-- WORK TASK --
Within the entries below, please retype exactly the lines starting with the line that has "Einfache Montage für" and going on through the line that has "Sustainably sourced wildcrafted", but not the pictures.

-- RECORDS FOR THIS TASK --

========================================

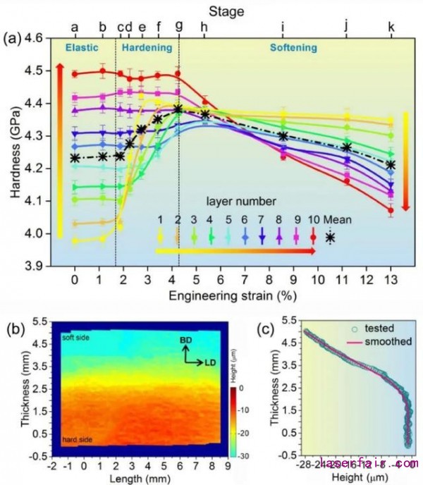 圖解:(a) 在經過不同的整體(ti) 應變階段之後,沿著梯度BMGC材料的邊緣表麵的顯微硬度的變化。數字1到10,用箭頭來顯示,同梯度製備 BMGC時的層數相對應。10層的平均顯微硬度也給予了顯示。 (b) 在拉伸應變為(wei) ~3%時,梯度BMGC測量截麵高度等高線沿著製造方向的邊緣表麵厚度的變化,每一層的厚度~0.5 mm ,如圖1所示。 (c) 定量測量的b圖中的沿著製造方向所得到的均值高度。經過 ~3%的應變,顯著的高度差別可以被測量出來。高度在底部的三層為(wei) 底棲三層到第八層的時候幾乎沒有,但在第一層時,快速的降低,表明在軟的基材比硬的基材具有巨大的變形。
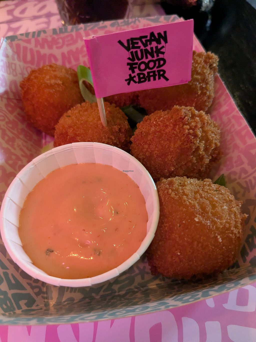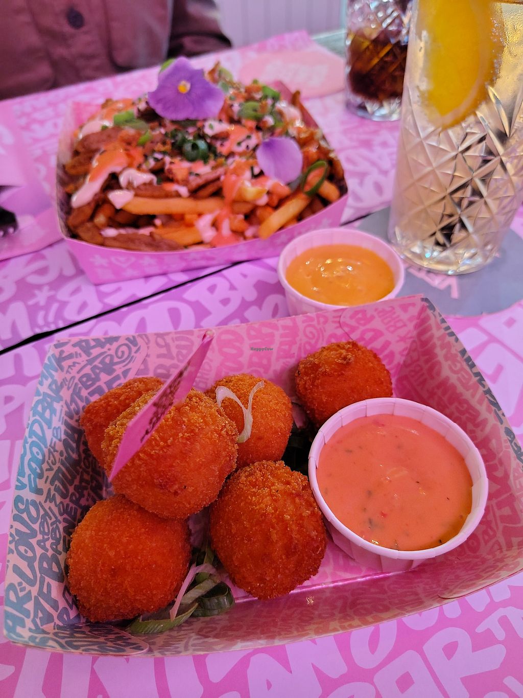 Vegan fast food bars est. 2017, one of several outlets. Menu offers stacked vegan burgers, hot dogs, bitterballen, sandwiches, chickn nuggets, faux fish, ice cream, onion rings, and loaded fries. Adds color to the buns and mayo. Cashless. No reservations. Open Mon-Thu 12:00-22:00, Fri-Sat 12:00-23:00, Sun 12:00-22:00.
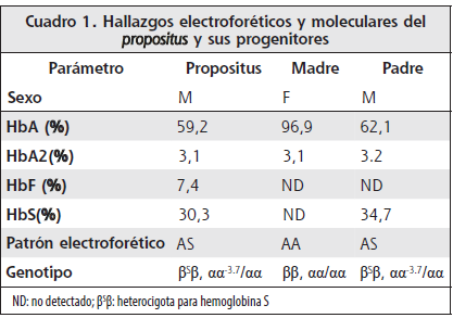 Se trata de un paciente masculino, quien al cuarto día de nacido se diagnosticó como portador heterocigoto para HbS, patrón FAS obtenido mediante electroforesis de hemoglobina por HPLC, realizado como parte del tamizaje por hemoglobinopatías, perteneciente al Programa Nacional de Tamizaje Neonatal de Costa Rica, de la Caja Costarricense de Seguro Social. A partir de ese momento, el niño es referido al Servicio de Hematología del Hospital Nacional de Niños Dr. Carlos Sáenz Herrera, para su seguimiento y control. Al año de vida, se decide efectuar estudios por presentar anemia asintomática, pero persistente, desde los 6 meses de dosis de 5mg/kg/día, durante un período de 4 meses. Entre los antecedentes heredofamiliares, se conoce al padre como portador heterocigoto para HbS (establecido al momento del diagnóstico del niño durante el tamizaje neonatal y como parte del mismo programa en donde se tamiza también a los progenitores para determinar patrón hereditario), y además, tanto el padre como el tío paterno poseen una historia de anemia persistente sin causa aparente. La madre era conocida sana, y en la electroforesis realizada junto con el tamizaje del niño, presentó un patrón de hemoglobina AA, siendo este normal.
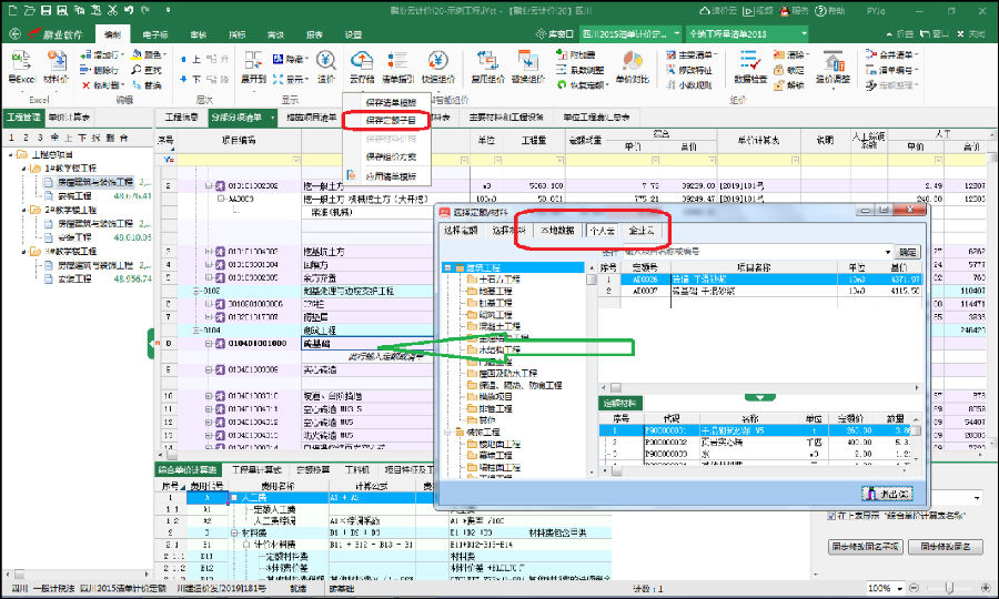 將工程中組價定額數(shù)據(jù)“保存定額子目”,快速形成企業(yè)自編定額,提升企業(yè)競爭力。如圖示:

========================================

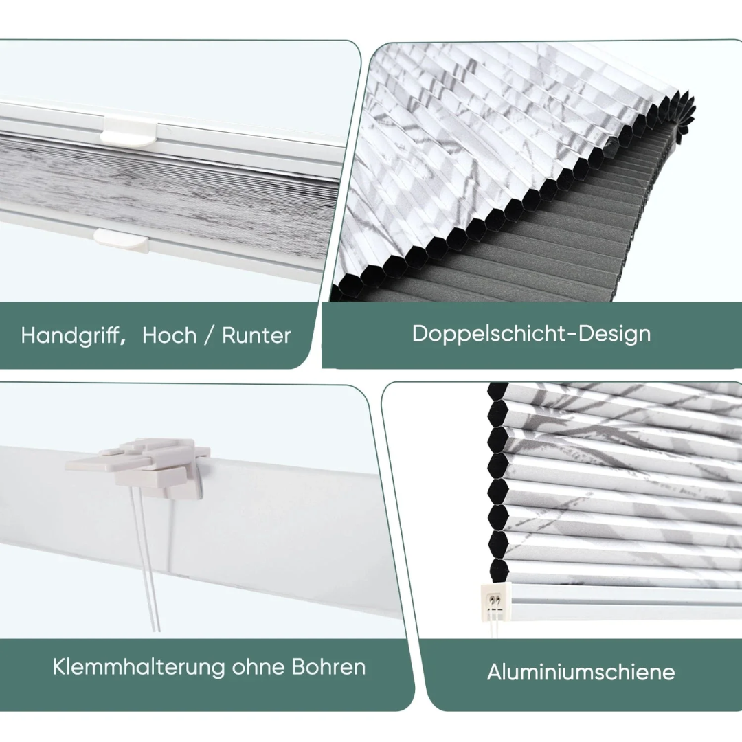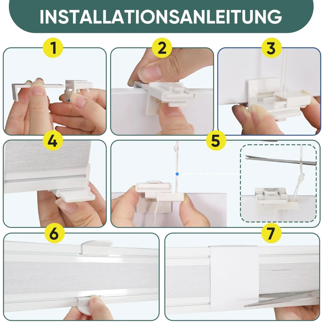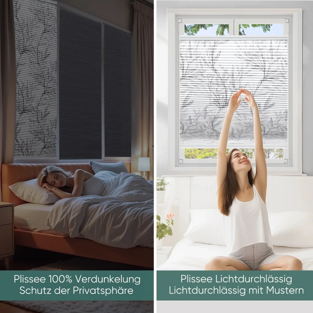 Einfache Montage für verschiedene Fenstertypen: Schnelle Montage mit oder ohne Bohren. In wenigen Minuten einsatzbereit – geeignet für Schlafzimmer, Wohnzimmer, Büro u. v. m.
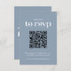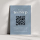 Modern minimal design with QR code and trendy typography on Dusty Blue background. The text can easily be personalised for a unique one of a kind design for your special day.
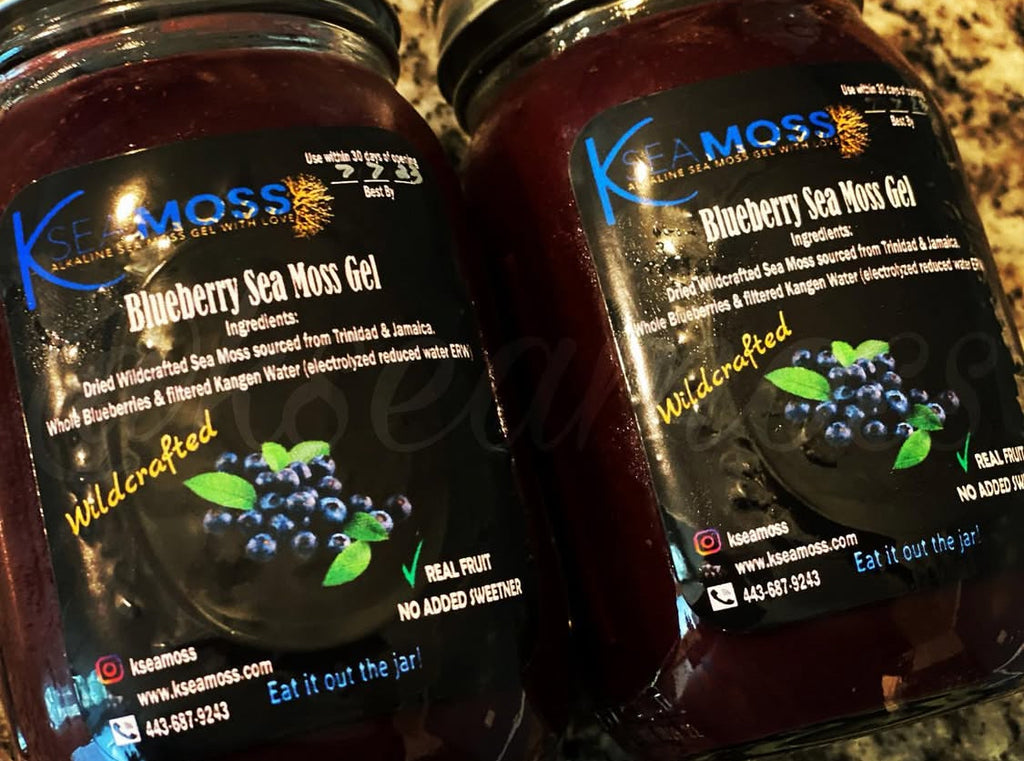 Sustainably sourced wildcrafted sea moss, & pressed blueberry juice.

========================================

-- REPLY --
 Einfache Montage für verschiedene Fenstertypen: Schnelle Montage mit oder ohne Bohren. In wenigen Minuten einsatzbereit – geeignet für Schlafzimmer, Wohnzimmer, Büro u. v. m.
 Modern minimal design with QR code and trendy typography on Dusty Blue background. The text can easily be personalised for a unique one of a kind design for your special day.
 Sustainably sourced wildcrafted sea moss, & pressed blueberry juice.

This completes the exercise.